Live Nation is an enormous concert promoter. They also own Ticketmaster and a number of concert venues. IMP does roughly the same thing, but operates only a couple of venues in the Washington-Baltimore area, and does not own any ticket sales company. The companies compete to get the best artists into their venues in the area – a battle IMP is apparently losing to Live Nation.

Live Nation is able to book artists at venues it controls nationwide. IMP has only the few venues in a limited geographic area, so artists have to work with other companies for other parts of their tours.

The opinion carves out two different markets: promotion and venue operation. Both target performers, but for different services. In the promotion market, the opinion reasons, local promoters are more familiar with local media and markets. Most concert promotion is local, so the Court concludes they have the advantage (the court gives little attention to internet marketing, which IMP contended eliminated the advantage).

In the venue market, IMP strained to narrow the market to show only two competitors. They claimed the market for amphitheaters is different than for clubs, the market for outdoor, seasonal amphitheaters is different than year-round, and that the market for large, 8,000+ seat amphitheaters is different than smaller ones.

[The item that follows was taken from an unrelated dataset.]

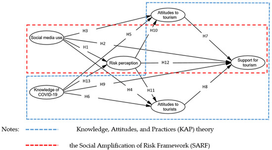 The COVID-19 pandemic was quickly contained in some countries (e.g., China) after strict prevention and control measures were implemented, resulting in the rapid recovery of domestic tourism [8]. However, the revival of domestic tourism has left residents of tourist destinations in a precarious position. In many cases, avoiding COVID-19 hotspots would be comparatively easy for tourists, switching their plans if their destination turned out to be a danger zone. However, for residents, the options are often limited [9]. Given the prolonged incubation period and the asymptomatic nature of COVID-19, residents may have difficulty identifying and avoiding infectious tourists, which leads them to seclude themselves or accept risky tourists [1]. As an essential step to ensure a destination’s tourism sustainability, the role of residents’ support for tourism (SUPT) has been demonstrated in many studies [1,7,10,11]. In the face of the spread of COVID-19 and sporadic outbreaks in some areas, residents’ SUPT has become especially important but has also brought them risk. As a matter of fact, the resistance and hostility of residents towards tourists amidst the COVID-19 era demonstrate a real and substantial risk perception among residents [1]. Thus, research on residents’ RP and its impact on their subsequent attitudes and SUPT amidst the COVID-19 era are urgent and beneficial. Nevertheless, given that the concept of RP stems primarily from consumer behaviour, tourism research has tended to address the issue from tourists’ perspective [12], For instance, the concept of tourism risk perception is often conceptualized as tourists’ subjective feelings, objective evaluation and cognitive of exceeding the threshold portion of the negative consequences [13], and most studies are focused on the impact of tourists’ risk perception on their attitudes and behavioural intention [14,15,16,17]. However, residents’ perspectives of risk perception are absent from the literature [7,18]. In such a case, the social amplification of risk framework (SARF) and knowledge, attitudes, and practices (KAP) theory may be used to investigate the gap in the literature.

This left only Live Nation and IMP in the Washington-Baltimore market.

IMP’s approach is akin to defining a market to include tennis players who have won more than three Olympic gold medals and finding that only Venus and Serena Williams fit the bill.

The court rejected the definition, writing that a litigant can’t “gerrymander its way to an antitrust victory.”

Because of the inability to define a competitive market, the other claims were “left in a weakened state.”

The tying claim failed because there was no basis in the record for concluding artists were coerced into performances at the Live Nation venue because they used Live Nation’s promotion services. Rather, it was more of a value added choice. In fact, 14% of the time, Live Nation’s promoted artists chose to perform at IMP’s venue. Likewise, the fact that artists used Live Nation’s venues in other markets did not coerce them into using the Live Nation venue in the market. 26% of artists using a Live Nation venue in another locality chose the IMP venue.

The Court also rejected the more general arguments that Live Nation simply controls too much of the market power. The opinion espouses the value that Live Nation’s large network can bring to artists, eventually throwing IMP a bit of a bone:

Just as big is not necessarily bad, small is not necessarily weak. Even though national firms undoubtedly have an edge over smaller competitors and David may not triumph over Goliath everywhere, he can certainly hone his home court advantage. While LN was busily spreading its operations all over the country, IMP could have focused instead on branding itself as a uniquely attractive local outfit, striving to know the Washington-Baltimore audience better than any other promoter and deepening its relationships with local clubs, businesses, and media. As it is, IMP has in fact enjoyed much success at its Merriweather venue, hosting scores of major artists and doubling its revenue from $11.8 million in 2006 to $22.5 million in 2012.